The decay isn't actually decay at all, but represents the complement of lines that define peripheral functionality. Lines defining peripheral functionality typically require modification (refactoring) as additional functionality is added. The asymptote which all the curves illustrate but the fit cannot capture represents the proportion of irreducible core functionality.
Simply adding a constant to the fit might fix all the problems.
 I'm only mentioning this footnote due to the article picking on Angular (fairly or unfairly), but the point I made that this is footnoting is relevant to them potentially.
It's all about context. What's the cost of "breaking things"? Does your not-yet-monetized social network startup go down for a couple of hours? Or does someone die?
Also, I have witnessed first-hand the slowdown in productivity that a "move fast and break things" approach has when what you are breaking is your team's ability to work quickly and confidently with the code base.
I wonder if there any research articles discussing the correlation between code-change and other metrics like product quality, change frequency of team members, estimation success, etc.
My question sparked for your request of a RESEARCH article and not a "normal" blog post.
I would like to know why you want a "research" article, that I assumed being an academic article, instead of a blog post.
This article comes up with a tool measuring the half-life of the code and demonstrates it on some project. What I was requested as an addition is the discussion of correlation of this metric with other metrics.
Being said that, a "paper" makes a difference compared to a "blog post" at some cases. Sometimes, in order to convince your directors and project managers about your change proposals to the programming processes, you need to support your idea with more serious work.
For example, in my previous company, I could use such an academic research in order to demand more time budget for "code-cleanup" periods where the team focuses just to re-writing the parts of legacy code, instead of bugfixes and new features.
I am surprised that this small request offended someone.
What left me wonder is the assumption that an academic paper is more serious than a blog post; I frequent the academic and that is just not true, especially in our field.
Then, of course, upper management may not share this point of view.
We are openly discussing the article, we are deciding what we do like and what we don't like about it and we are deciding if the article is worth our attention.
How it is different from an academic peer review process?
Sure the academic peer review processes are blind, but those are a double edge sword.
How many lines of code will it be in fifty years? Will we have to come up with new systems to manage the fact that individuals only really understand smaller and smaller pieces of it? Will it reach a mass where like a black hole it collapses from some uncomprehensible failure?
There have never been things like this that just grow in complexity forever.
But it's perceptually less work to accrete a few hundred new lines to the system than to engineer a 10x reduction that introduces an entirely new architecture layer, so nobody does, or only a few research-driven projects. Programmers are, after all, lazy and deadline-driven. And while proprietary software tends to accrete due to corporate dynamics creating an environment of continuous growth, open-source projects are often built on accretion as an assumed benefit.
My own software goal, having viewed this landscape, is to be stubborn enough for long enough to score some of the 10x wins and share those so that "more with less" becomes a little more viable. I do think that all codebases go obsolete eventually, but the overall ecosystem doesn't have to depend on them so long there's data and protocol compatibility.
The evolution of the species? Homo sapiens seem rather complex.
Perhaps what we'll see is that over time, large portions of what have been long list of pedantic instructions become decision models that get tweaked over time. Imagine when referring to the size of a software system using two numbers: MLOCs and MDPs (Matured Decision Points). Not unlike industrial revolution assembly lines compared to the automated factories of today — modern factory workers are some degrees removed from the step-by-step movements.
Or a new implementation (or OS) could come along, with compelling advances and no baggage. The old code doesn't so much collapse as become obsolete.

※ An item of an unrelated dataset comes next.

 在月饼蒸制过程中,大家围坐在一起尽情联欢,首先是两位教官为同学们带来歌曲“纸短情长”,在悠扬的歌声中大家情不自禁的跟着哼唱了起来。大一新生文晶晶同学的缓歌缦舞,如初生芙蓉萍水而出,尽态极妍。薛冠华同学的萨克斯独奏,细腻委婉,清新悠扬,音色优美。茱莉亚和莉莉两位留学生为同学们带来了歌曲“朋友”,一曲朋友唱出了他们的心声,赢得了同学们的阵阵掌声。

Would this give newbies a great new tool to answer their question of which framework or language to learn?
Rails or Django? Django lasts longer.
Angular or React?
VueJs just a trend?
You could answer all these questions with this kind of analysis.

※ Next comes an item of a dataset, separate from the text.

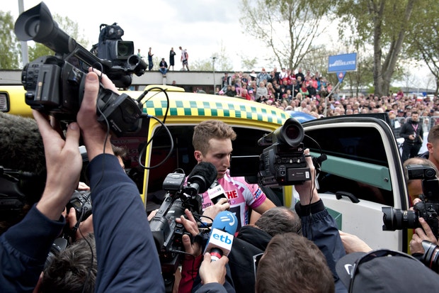 do lituano Ramunas Navardauskas (Garmin-Barracuda), que entrou em colapso no constante sobe e desce dos 210 quilómetros, entre Urbino e Porto Sant'Elpidio, e perdeu mais de 15 minutos.
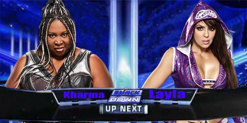 Winner by disqualification: Randy OrtonHowever, The Shield continue to attack Orton and hits a Triple Powerbomb on Orton after Swagger attacks The Shield and they retreat leading commentators questioning whether Swagger is the mystery personCommercial Break (Reply of The Shield's attack on Sheamus)https://youtu.be/BStEgznVT4wLayla comes through the entranceway to a slightly positive response. She makes her way to the ring while high fiving some fans. She gets into the ring and waits on her opponent. https://youtu.be/eATchTGlkAQKharma comes out to a moderately positive response. Kharma makes her way to the ring slowly as they reply the #1 contender Divas Championship battle royal. When Kharma reaches the ring, she unnervingly stares at Layla before crawling up onto the ring apron. She steps into the ring and the referee rings the bell.

But more on-topic, nice article, well done!
This might actually be an interesting metric in regards to project architecture and/or project management.

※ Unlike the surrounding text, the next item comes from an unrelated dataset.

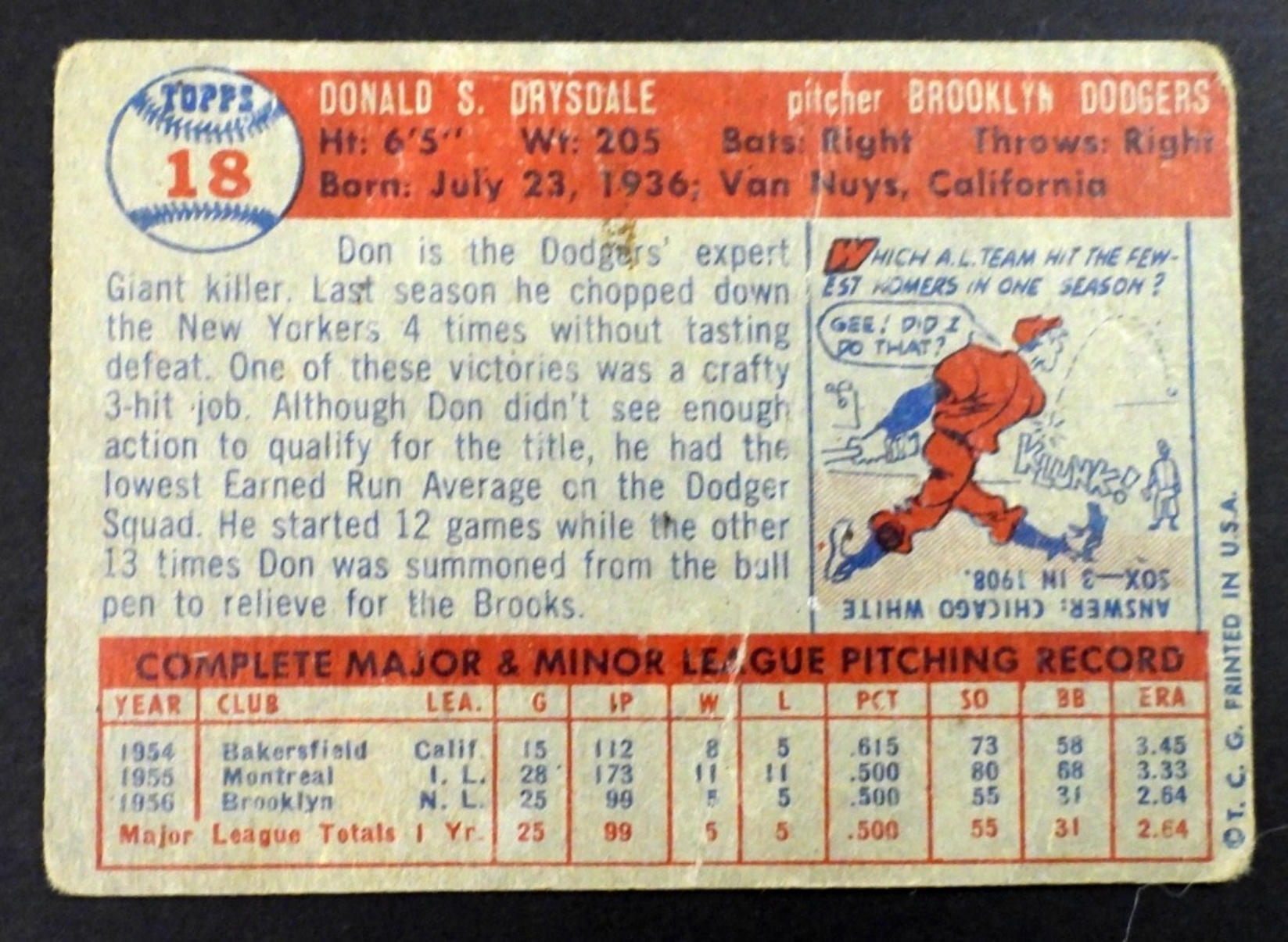 1957 TOPPS DON DRYSDALE ROOKIE BROOKLYN DODGERS,VG

Totally agree that exponential model explanatory power is great.
Definitely some merit to reason #3 - people are more willing to work on something that they can easily build on top of.
Probably wouldn't be too hard for the interpreted languages.
There had been _many_ *nix'es by 2006, so the territory had significant prior art and with it collective deep understanding of the problems being solved. Angular sprouted alongside a number of other SPA frameworks in an ecosystem that was experiencing a "growth-spurt" (using that term loosely) — lots of variables.
Perhaps we could talk about "intrinsic churn" vs. "accidental churn". The former results from the codebase keeping up with the "drift" in the problem space; the latter comes from having to learn.
But it doesn't seem fair to directly compare 2005 14 year old stable 2.6 Linux to projects which did basically foundational initial releases and not mention it.